I find, therefore, that the Department was justified in refusing access, under section 37(1), to Records 1 to 5, 8, and 10 to 15.
I note that the Department cited a number of other provisions of the Act as additional grounds upon which the above records were exempt. As I have determined that Records 1 to 5, 8, and 10 to 15 are exempt from release under section 37(1), it is not necessary to examine the applicability of the other provisions cited by the Department to these records.
Section 42(f)
The Department refused access to Records 6 and 7 under section 42(f) of the Act. That section provides that the Act does not apply to a record held or created by the Attorney General or the Director of Public Prosecutions or the Office of the Attorney General or the Office of Director of Public Prosecutions, other than a record relating to general administration.
While the Act is silent on the meaning of general administration, this Office considers that it clearly refers to records which have to do with the management of the Office of the Attorney General such as records relating to personnel, pay matters, recruitment, accounts, information technology, accommodation, internal organisation, office procedures and the like.
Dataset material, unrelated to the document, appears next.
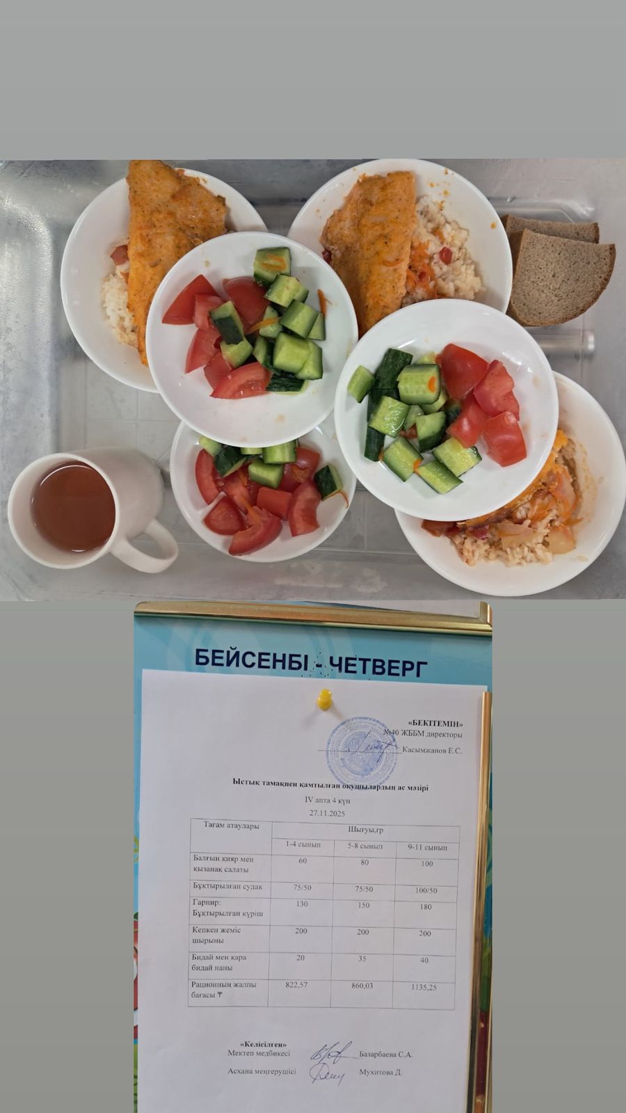 » 1 күндік ас мәзірі IV апта 4күн

I am satisfied that it does not refer to records relating to matters concerning the core business of the Office.
The records at issue comprise correspondence from the Attorney General to the Minister for Justice. In this case, I am satisfied that Records 6 and 7 were created by the Attorney General and that they are not records relating to the general administration of that Office. I find, therefore, that the Department was justified in refusing access to the records under section 42(f) of the FOI Act.
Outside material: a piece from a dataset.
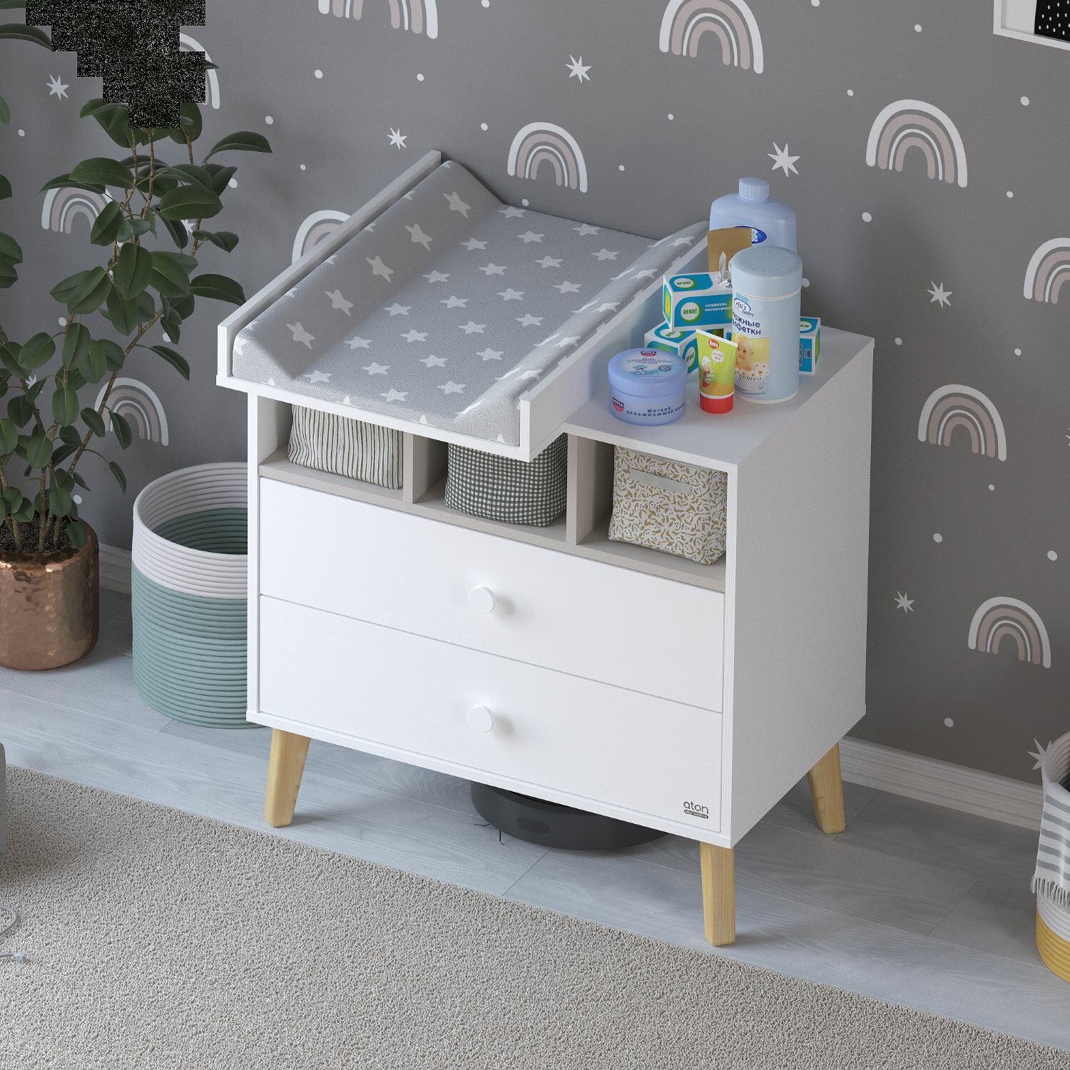 Комод пеленальный Атон "Felix", белый/серый, 80,6х57,2х96,4 см со съемным пеленальным столиком

Having carried out a review under section 22(2) of the FOI Act, I hereby affirm the decision of the Department to refuse access, under sections 37(1) and 42(f) of the FOI Act, to various records sought by the applicant.
Section 24 of the FOI Act sets out detailed provisions for an appeal to the High Court by a party to a review, or any other person affected by the decision. In summary, such an appeal, normally on a point of law, must be initiated not later than four weeks after notice of the decision was given to the person bringing the appeal.